Он опасливо замер на месте, не зная, куда идти дальше, но тут справа, под аркой, заметил группку бомжей. Они в ряд лежали на земле, словно жертвы природной катастрофы. Януш подошел поближе и пригляделся к нищим. Одни прятались под картонными коробками, другие окружили себя грязными сумками, но и те и другие больше всего напоминали груды тряпья, примороженные ночным холодом. Однако они кашляли, пили, плевались… Трупы еще шевелились.

Януш присел возле крайнего в ряду мужчины. Холод от голого асфальта сразу же пробрал его до самых костей. Вонь, исходившая от соседа, моментально окружила новичка плотным кольцом. Мужчина посмотрел на него потухшим взглядом. Он явно его не узнавал.

Януш поставил рядом с собой бочонок с вином. В глазах соседа зажглось вялое любопытство. Януш ждал, что тот поспешит завязать знакомство в надежде на выпивку, но мужчина грубо рявкнул:

— Вали отсюда! Это мое место!

— Асфальт вроде общий.

— Ты что, не видишь, я на работе?

Януш не сразу понял, в чем дело. Мужчина сидел с голыми ногами, одну подвернув под себя, а вторую вытянув вперед. На ней было всего два пальца, но этими двумя пальцами он хватал стоящую возле него жестянку из-под печенья и скреб ею по земле, если мимо шел прохожий.

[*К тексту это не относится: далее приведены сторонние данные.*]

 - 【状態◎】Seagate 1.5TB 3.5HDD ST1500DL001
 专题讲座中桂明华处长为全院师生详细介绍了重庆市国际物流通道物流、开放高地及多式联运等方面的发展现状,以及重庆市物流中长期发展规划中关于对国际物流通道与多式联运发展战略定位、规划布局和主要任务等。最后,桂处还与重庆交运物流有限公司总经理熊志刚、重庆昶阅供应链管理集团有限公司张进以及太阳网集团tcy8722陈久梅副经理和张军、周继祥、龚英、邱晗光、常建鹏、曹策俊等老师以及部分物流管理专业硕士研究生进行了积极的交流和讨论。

— Всего монетку альпинисту, потерявшему пальцы при восхождении на Эверест! Всего одну монетку, я много не прошу! — жалобно завывал он. — Альпинисту, отморозившему пальцы…

Януш не мог не признать, что легенда отличалась известной оригинальностью. И — о, чудо! — изредка кто-нибудь действительно бросал в жестянку мелкую монету. Приглядевшись получше, Януш убедился, что «работал» здесь не только его сосед. Остальные тоже попрошайничали. Время от времени то один, то другой поднимался и шел к поддерживавшим арку колоннам, приставая к прохожим, которые старательно обходили его стороной. Все они говорили странным, наполовину заискивающим, наполовину враждебным тоном, в котором сочетались раболепство и агрессия. Они щедро расточали всевозможные «месье», «пожалуйста» и «спасибо», но в их приторно-сладких хриплых голосах слышались ненависть и презрение.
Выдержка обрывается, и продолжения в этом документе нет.